* What you will do: Figure out how many lines of the listing include the string "Oslo"; the reply is only that number.

* Stored data:
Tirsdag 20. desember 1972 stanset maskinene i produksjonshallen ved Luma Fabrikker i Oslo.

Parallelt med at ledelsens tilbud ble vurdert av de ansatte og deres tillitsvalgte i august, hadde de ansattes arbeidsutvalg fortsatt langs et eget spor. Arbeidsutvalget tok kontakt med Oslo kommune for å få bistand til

--

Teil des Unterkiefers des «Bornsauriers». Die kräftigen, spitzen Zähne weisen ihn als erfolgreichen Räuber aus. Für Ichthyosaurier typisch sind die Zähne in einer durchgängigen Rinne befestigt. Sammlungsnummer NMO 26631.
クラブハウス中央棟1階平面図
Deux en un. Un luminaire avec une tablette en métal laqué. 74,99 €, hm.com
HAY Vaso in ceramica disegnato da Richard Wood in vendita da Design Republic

--

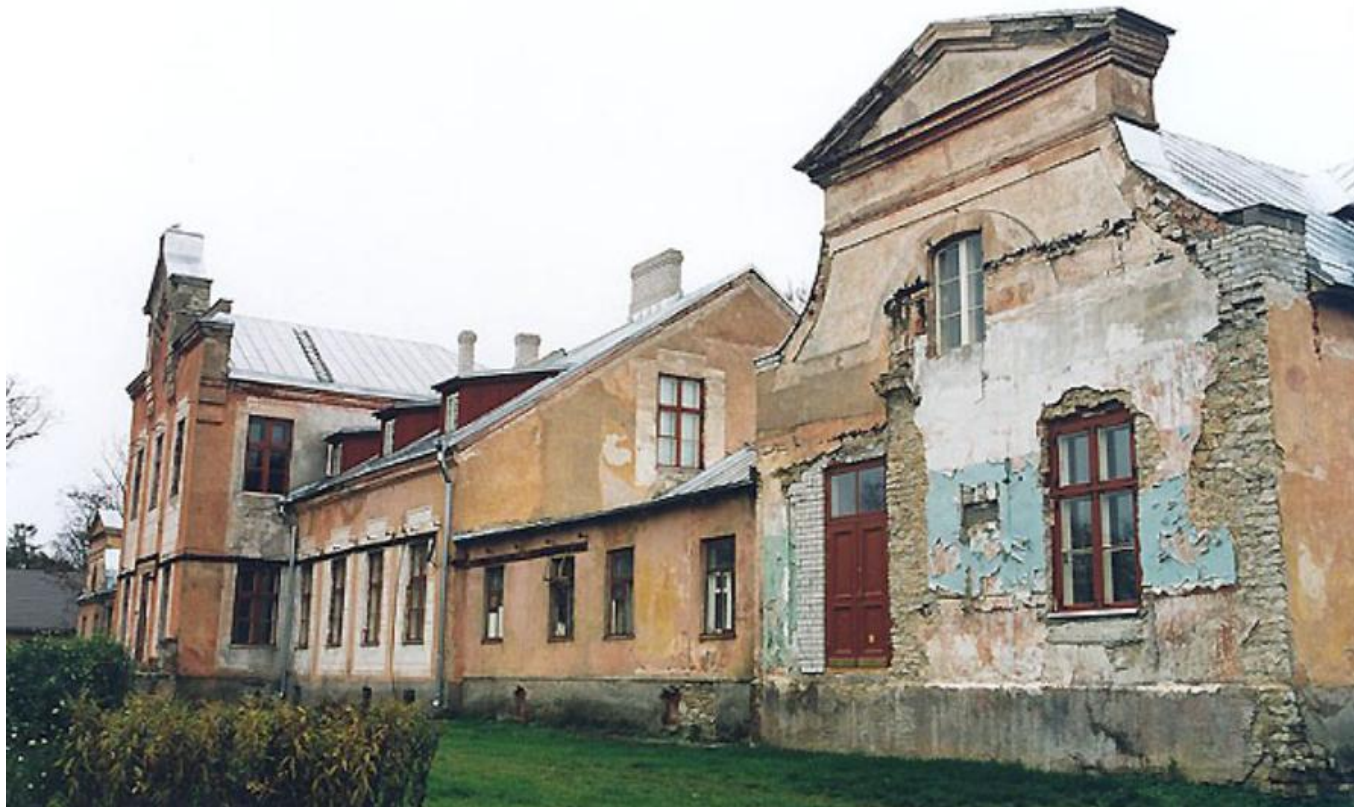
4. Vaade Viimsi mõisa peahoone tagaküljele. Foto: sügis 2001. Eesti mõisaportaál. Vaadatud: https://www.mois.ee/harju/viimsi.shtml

* Result of this task: 2